|I forgot to take photos at the appointment, so you get gratuitous crosstie shots|
After Dino's rather outrageous behavior at our most recent lesson and horse trial, I decided to rule out physical discomfort before attacking the issue from a training standpoint. Luckily for me, a fantastic bodyworker and saddle fitter was coming to my trainer's barn this past weekend, so I signed Dino up for a session.
My wallet is now significantly lighter, but I'm SO glad I did this for my pony!
The experience was wonderful overall - the woman I used was incredibly professional, kind, friendly, answered all of my questions, and is another pony person to boot! She shared with me that she has Welsh Cobs which she rides and drives, and we gushed about our love of ponies throughout the appointment. It's always so fun to meet another adult who adores ponies as much as I do!
The massage and bodywork came first - she said that it can sometimes change a horse's posture so dramatically that it can affect saddle fit, so we'd work on Dino before assessing his saddle.
He responded really well to the whole process, allowing her to muckle, poke, prod, stretch, bend, pull, and push his body in ways I never have. She found a lot of tightness in his neck, and some in his lower back, but said that overall he was not a pony who was in any kind of incredible pain from his saddle or his work. Whew! She also noticed when watching him walk that he seemed a bit arthritic, but overall he was in great musculoskeletal shape. After over an hour of work, we let Dino have a little break before bringing him out on the crossties to assess saddle fit.
You guys, the change in Dino's posture post-bodywork was incredible. He looked like he had grown a couple inches, he was standing perfectly square, and both his topline and underline looked stronger. The improvement in the way he held himself alone is enough for me to want to commit to getting him worked on regularly! But, on to saddle fit.
|Saddle fit problem, or mostly a big jerk?|
I was terrified that the fitter would take one look at my set-up and declare it awful and tell me I had been torturing my pony with the saddle I had thought fit him nearly perfectly.
To my great relief, the saddle I have DOES fit him perfectly, as I had thought. The fitter loved the shape of the saddle for Dino's back, and commended my choice of a TSF girth to accommodate the set-back billets and Dino's forward girth groove. She agreed with my thought that I no longer needed my lovely Fleeceworks pad, but showed me something very interesting about Dino's back.

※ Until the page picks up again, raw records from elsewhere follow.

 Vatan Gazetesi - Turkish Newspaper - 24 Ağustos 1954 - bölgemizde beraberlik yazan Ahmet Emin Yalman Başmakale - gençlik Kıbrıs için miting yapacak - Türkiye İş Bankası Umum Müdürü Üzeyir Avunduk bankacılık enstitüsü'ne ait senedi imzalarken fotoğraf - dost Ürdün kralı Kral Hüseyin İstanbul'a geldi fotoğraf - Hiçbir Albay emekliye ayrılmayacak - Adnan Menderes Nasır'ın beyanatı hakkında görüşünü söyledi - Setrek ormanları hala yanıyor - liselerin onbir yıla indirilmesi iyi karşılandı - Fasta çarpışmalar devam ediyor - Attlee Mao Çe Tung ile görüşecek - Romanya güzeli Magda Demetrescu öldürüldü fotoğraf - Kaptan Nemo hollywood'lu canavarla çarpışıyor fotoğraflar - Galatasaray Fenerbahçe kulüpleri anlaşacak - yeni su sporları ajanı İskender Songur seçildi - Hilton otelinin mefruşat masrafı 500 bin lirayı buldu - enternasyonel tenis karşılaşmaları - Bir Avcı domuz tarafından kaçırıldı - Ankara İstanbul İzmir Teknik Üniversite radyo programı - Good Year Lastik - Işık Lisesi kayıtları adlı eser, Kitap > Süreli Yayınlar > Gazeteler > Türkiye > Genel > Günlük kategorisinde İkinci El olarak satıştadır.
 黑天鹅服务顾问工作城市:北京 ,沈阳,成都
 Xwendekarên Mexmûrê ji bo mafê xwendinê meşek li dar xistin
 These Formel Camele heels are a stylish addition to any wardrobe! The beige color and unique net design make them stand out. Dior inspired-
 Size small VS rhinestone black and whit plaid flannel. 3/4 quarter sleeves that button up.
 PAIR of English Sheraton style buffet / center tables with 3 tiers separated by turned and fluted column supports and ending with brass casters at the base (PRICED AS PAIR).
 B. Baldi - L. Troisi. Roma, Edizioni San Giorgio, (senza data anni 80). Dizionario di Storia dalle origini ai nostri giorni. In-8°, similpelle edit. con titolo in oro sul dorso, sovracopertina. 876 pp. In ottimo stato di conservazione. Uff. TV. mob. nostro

When viewed from the rear, you can clearly see that he has significantly less muscle on the left side of his back than the right. There is one spot that shows particular atrophy, but overall the left side of his back is very under-muscled. Her thought, based on the location of the atrophied spot, was that at some point he had been ridden in a poorly-fitting pony saddle which created a pressure point on the left side, and essentially shut down all muscle development on the left side of his back. The unevenness in his back causes the saddle to sit unevenly, perpetuating the whole cycle of stunted muscle development and overall crookedness. This explains why my left seatbone is always going rogue, and why I feel like Dino is harder to bend left. It's something I had never looked for before, but the difference was really quite dramatic!
After we had made this discovery, the fitter cut me some felt shims on the spot, sewed them together, and then stitched them loosely to my saddle pad on the left side.
|Pad with felt shims sewn on|
Silly me did not expect to ride at this appointment, so I climbed on to test-ride our new shims in jeans, cowboy boots, a borrowed helmet, and borrowed bridle. It was classy, let me tell ya. The leg pinching was outrageous.
But the change in balance was awesome! I no longer felt the need to constantly shift my left seatbone back into place, and Dino felt forward and stretchy under saddle. Even with no spurs and no stick, in my trainer's indoor, he trotted forward happily. Two thumbs up for bodywork and a balanced saddle!
Our homework from this appointment is to ride in our shimmed up pad until Dino grows some new muscle on that side of his back, to feed him for muscle building (i.e. MOAR PROTEINS), and check in with our lovely bodyworker to determine when he'll need her next. My next step is also going to be to look into joint support for my WonderPony once my checkbook recovers from this most recent expense.
If anyone in my area of Eastern Pennsylvania is looking for a WONDERFUL bodyworker/massage therapist/saddle fitter, I would be more than happy to pass on this woman's contact information! She was truly fantastic to work with and has the best interests of the horses at heart!
In summary, I'm happy to report that Dino is just fine, and mostly just too full of pony'tude.